*What is expected:*
What are the lines below, starting at the line containing "Mujer Geométrico Flores" and ending at the line containing "В этот же момент"? Write them out exactly, ends included, without pictures.

*Supplied entries:*
━━━━
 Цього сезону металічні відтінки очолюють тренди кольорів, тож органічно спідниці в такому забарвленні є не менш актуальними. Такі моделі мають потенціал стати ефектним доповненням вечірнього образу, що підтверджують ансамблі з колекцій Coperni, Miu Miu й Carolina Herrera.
━━━━
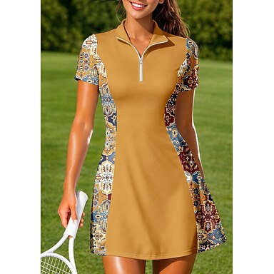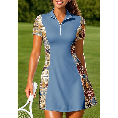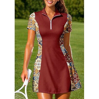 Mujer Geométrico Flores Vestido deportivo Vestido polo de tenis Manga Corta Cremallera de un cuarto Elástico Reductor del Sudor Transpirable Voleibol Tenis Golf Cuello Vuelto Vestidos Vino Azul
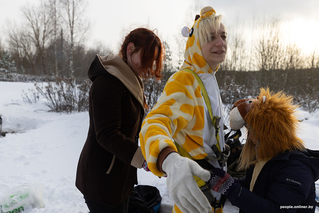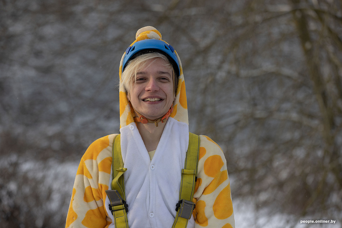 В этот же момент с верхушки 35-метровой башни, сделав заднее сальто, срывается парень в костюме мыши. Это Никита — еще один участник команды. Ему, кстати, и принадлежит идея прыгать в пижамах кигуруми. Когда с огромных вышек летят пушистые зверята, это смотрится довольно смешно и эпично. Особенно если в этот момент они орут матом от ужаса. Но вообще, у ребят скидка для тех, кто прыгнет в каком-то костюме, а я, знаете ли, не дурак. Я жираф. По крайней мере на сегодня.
━━━━
*Answer area:*
 Mujer Geométrico Flores Vestido deportivo Vestido polo de tenis Manga Corta Cremallera de un cuarto Elástico Reductor del Sudor Transpirable Voleibol Tenis Golf Cuello Vuelto Vestidos Vino Azul
 В этот же момент с верхушки 35-метровой башни, сделав заднее сальто, срывается парень в костюме мыши. Это Никита — еще один участник команды. Ему, кстати, и принадлежит идея прыгать в пижамах кигуруми. Когда с огромных вышек летят пушистые зверята, это смотрится довольно смешно и эпично. Особенно если в этот момент они орут матом от ужаса. Но вообще, у ребят скидка для тех, кто прыгнет в каком-то костюме, а я, знаете ли, не дурак. Я жираф. По крайней мере на сегодня.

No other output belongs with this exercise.